Input →

#####

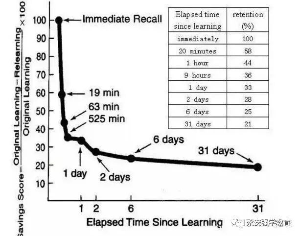 德国有一位著名的心理学家名叫艾宾浩斯,他在1885年发表了他的实验报告:实验者记忆100个生单词,刚刚记忆完毕,实验者的记忆量达到了100 %,仅隔了20分钟,记忆量下降到58.2%,过了一天后,记忆量只剩下1/3。
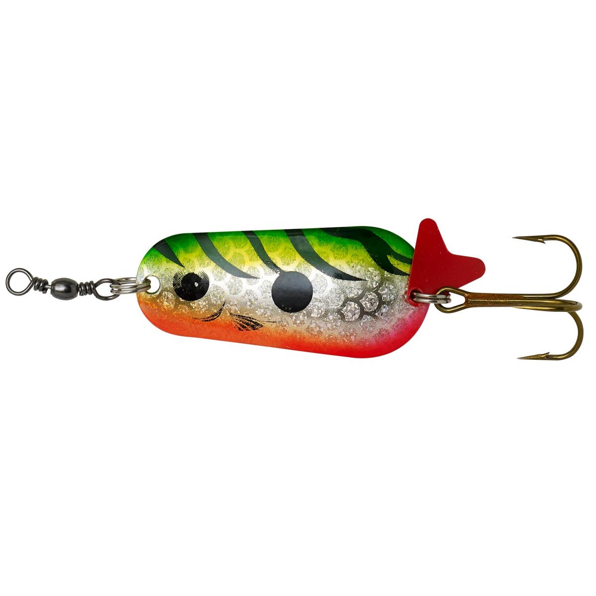 2. Az vonzerőt fokozza a kis piros műanyag lapocska mely a közvetlen a horog felett lett elhelyezve, illetve a villantó hátoldalán található piros csík.
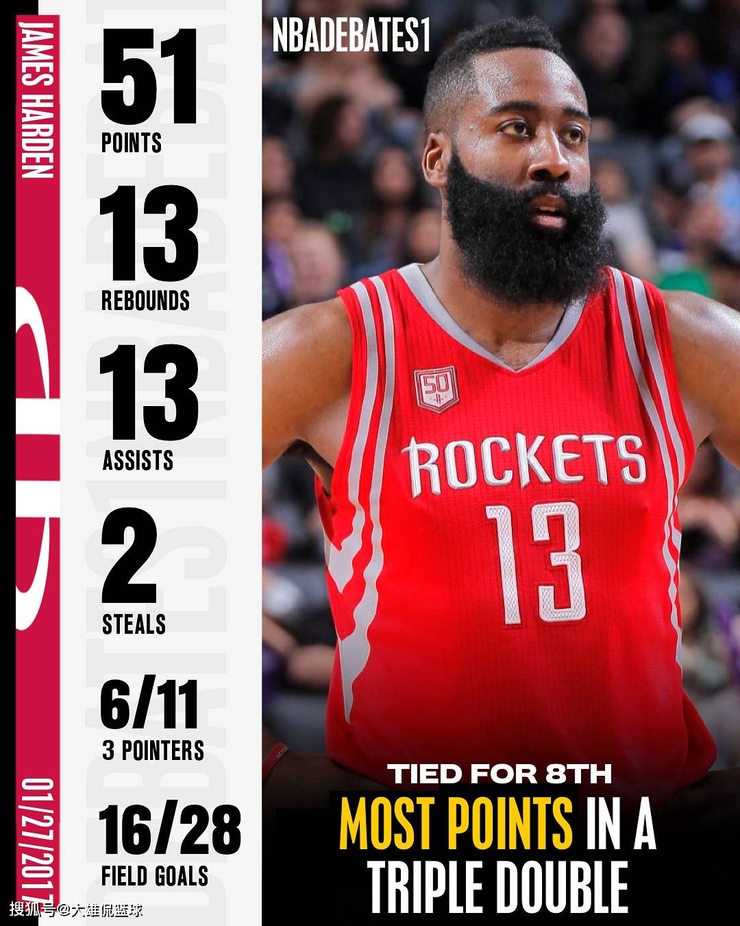 2017年1月27日,整场比赛28投16中,三分球11投6中,拿下了51分,13个篮板,13次助攻,2次抢断的大号三双数据。詹姆斯哈登在休斯顿火箭的时候,是球队的核心领袖,拥有绝对的球权战术地位。可惜,当初为了一个夺冠机会,放弃火箭提供的2年1亿美元合同,逼宫火箭将自己交易到布鲁克林篮网。
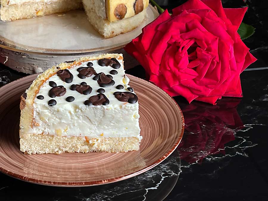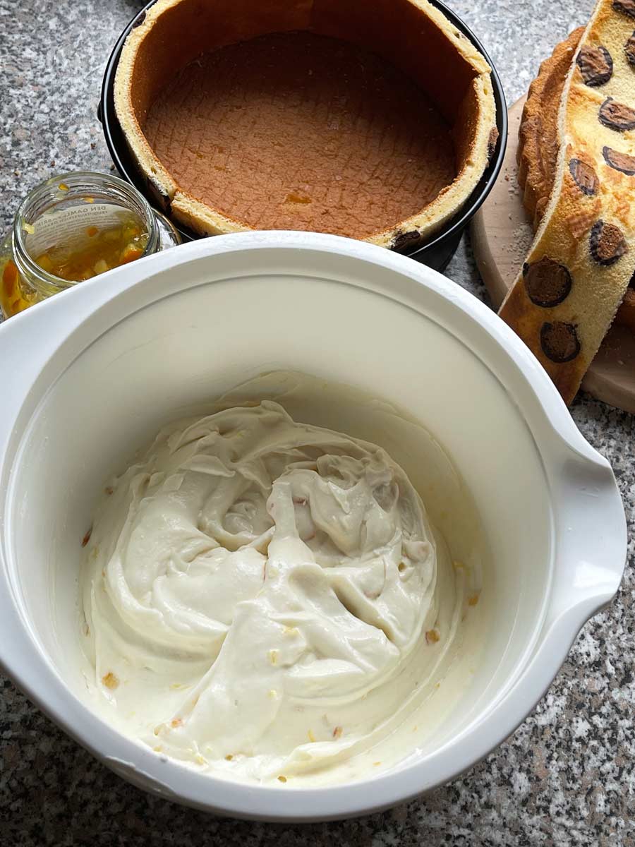 5 Masa serowa z serka podwójnie śmietankowego, lub Mascarpone: najpierw ubić śmietanę na sztywną pianę. Następnie mikserem ręcznym wymieszać serek śmietankowy z cukrem i syropem pomarańczowym. Namoczoną i wyciśniętą żelatynę rozpuść w ciepłym mleku. Dodaj śmietanę i dodaj oba składniki do masy z serkiem śmietankowym. Teraz wymieszaj kandyzowane kawałki pomarańczy.
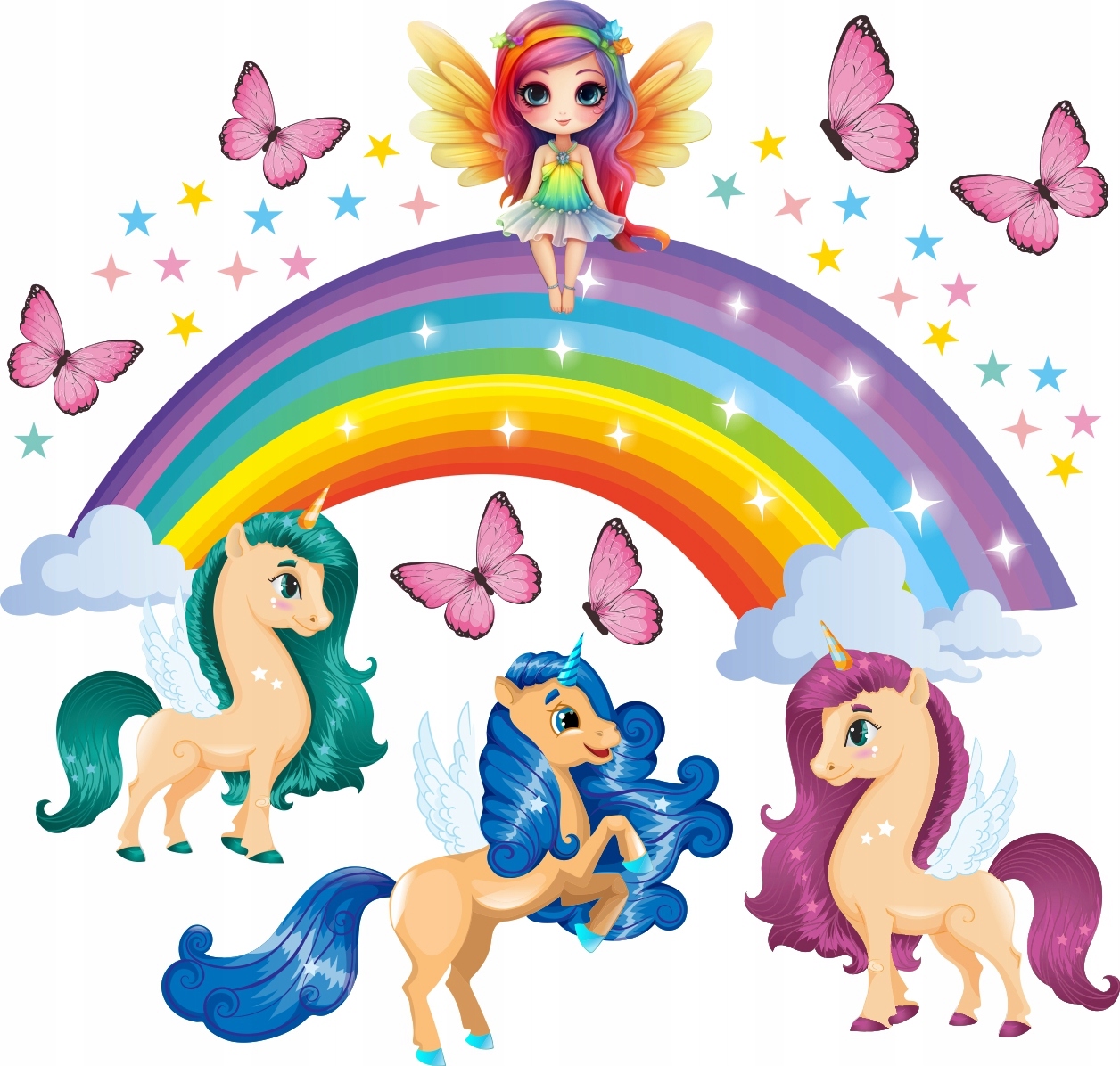СТІКЕРИ ЄДИНОРОГИ ВЕСЕЛКА ФЕЯ 100х100см JT23

#####

Task directions →
Your reply should contain only an exact copy of the lines from the beginning of the material through the line with "2. Az vonzerőt", both ends included, with the pictures removed.

Response area →
 德国有一位著名的心理学家名叫艾宾浩斯,他在1885年发表了他的实验报告:实验者记忆100个生单词,刚刚记忆完毕,实验者的记忆量达到了100 %,仅隔了20分钟,记忆量下降到58.2%,过了一天后,记忆量只剩下1/3。
 2. Az vonzerőt fokozza a kis piros műanyag lapocska mely a közvetlen a horog felett lett elhelyezve, illetve a villantó hátoldalán található piros csík.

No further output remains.